> For the complete documentation index, see [llms.txt](https://parad0xlabs.gitbook.io/parad0xlabs-docs/llms.txt). Markdown versions of documentation pages are available by appending `.md` to page URLs; this page is available as [Markdown](https://parad0xlabs.gitbook.io/parad0xlabs-docs/dark-null-protocol-zk-privacy-and-identity/stealth-nullpay.md).

# Stealth / NullPay

**For someone new to crypto:** on a normal blockchain, paying someone by name is like mailing cash to a sign on their front door. Everyone walking past can see the sign, see that cash arrived, and watch every other payment land at the same door. NullPay changes the destination, not the doorbell. You type a friend's name — `alice.null` — and your wallet quietly works out a brand-new, one-time address that only Alice can recognise and only Alice can open. The money lands there. An outside observer sees a payment to some fresh address they've never seen before, with no visible link to `alice.null` and no visible link to the last time someone paid her. Pay Alice ten times and that's ten unrelated-looking addresses on the chain.

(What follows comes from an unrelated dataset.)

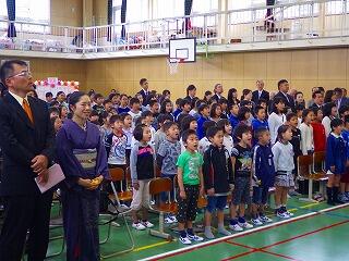 今年度は17名の新入児が森永小学校に入学してきました。新入児氏名点呼では、みんな元気いっぱいの大きな返事をしていました。在校生も新入児に負けじと児童委員会の子どもたちが学校生活や行事について紹介したり、2年生が振りをつけて「さんぽ」を歌ったりと、新入児の入学を全校児童でお祝いしました。

**For the technically inclined:** NullPay is a dual-key Ed25519 stealth-address scheme (scan/view key + spend key) bound to a `.null` name. The recipient publishes a meta-address `(spend_pub, view_pub)`. The sender draws fresh ephemeral randomness `r`, computes a one-time destination `P = spend_pub + H(r·view_pub)·B`, sends there, and announces the ephemeral point `R = r·B` on-chain. The recipient scans with the view key (`v·R = r·view_pub`), recognises payments addressed to them, and recovers the matching one-time spend scalar `p = (spend + H(shared)) mod L`. The same arithmetic runs in the Rust crate `dark-stealth-ed25519` and in a byte-compatible browser port — same domain tags, same wide SHA-512 reduction — so the wallet derives the address client-side with no server in the loop.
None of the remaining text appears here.